I can maybe imagine that the narrow framework of receiving a query of a small number of words and giving back an ordered list of documents is better suited for factoid or navigational queries than for exploratory searches. If I search for ‘information retrieval’ maybe the search engine could take a bunch of highly relevant documents and distinguish them not by some ordering but segmenting by the kind of document they are — e.g. ‘read this encyclopedia article for a quick intro, for a more technical introduction see lecture notes from any of these twelve university courses, this conference proceedings will give you an picture of current research, if you want to read a book on it any of these three are good …’. Or are you thinking that the interface is too restrictive? For instance, I still want a better way of seeing how groups of documents interrelate, so I can easily go from my x to a view of a representative sampling of pages linking to x and with snippets surrounding the link — and then rather than issuing a query with keywords, the typical query could be a page.

And just to clarify about ‘fast-food’ — do you use this term to refer to using the search engine to go somewhere else quickly, such that the search engine is only a quick stop over? Asked another way, in your vision of an improved search engine, would we spend more time looking at the results list, or some combination of information from multiple sources on the engine’s page rather than clicking off to inspect one of these documents one at a time? Or does fast food merely refer to a low bar with regards to quality?

By: jeremy

jeremy — Wed, 26 Aug 2009 06:24:59 +0000

Imho. 🙂

By: jeremy

jeremy — Wed, 26 Aug 2009 06:24:12 +0000

But I think the distinction for IR and search isn’t convenience versus quality.

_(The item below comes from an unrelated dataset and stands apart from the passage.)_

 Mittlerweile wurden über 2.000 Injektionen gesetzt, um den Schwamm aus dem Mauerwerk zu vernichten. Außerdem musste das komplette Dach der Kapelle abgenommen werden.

If you search engine retrieval quality is optimized toward “convenience”-type information needs, then I agree, there isn’t a distinction. (By convenience-type needs, I mean home page finding, product lookup, fact lookup, movie-start-time retrieval, weather retrieval, etc.)

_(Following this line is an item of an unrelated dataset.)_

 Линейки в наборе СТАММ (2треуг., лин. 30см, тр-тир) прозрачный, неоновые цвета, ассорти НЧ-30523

If, on the other hand, you have an exploratory information need, or have a recall-oriented information need, then the quality is pretty low at the moment. That’s because the search engine has been optimized toward quick-answer, factoid, fast-food convenience retrieval.

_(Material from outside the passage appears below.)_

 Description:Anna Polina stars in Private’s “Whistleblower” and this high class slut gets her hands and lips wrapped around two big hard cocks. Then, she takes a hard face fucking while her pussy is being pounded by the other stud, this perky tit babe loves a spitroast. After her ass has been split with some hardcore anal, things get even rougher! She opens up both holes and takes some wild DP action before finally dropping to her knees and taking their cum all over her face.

This is more than just one-size-fits-all vs. vertical search. I see where you’re going with that, but I’m not talking about any one vertical. I’m talking about general web information, but with a more exploratory or recall-oriented bent. Perhaps it is technically easier to go deeper in any one vertical. I think that’s the intuition that you have, and I don’t disagree with it. I’m just sayin’ that’s not the full story. A recall-oriented need doesn’t *have* to be vertically aligned, only. There are many that are general.

I agree with you about variety preservation. That’s an excellent point. But again, I would not align variety with verticals. Or document types. Or domains. I think you’re getting closer with your authority vs. raw text match idea. I would rather align variety with broader information seeking behaviors: exploration, learning, recall, etc.

Right now there is no variety on the web, in that everything is oriented toward high-precision factoid retrieval. No matter what vertical, no matter what document type. Informationphiles love exploration, learning, etc.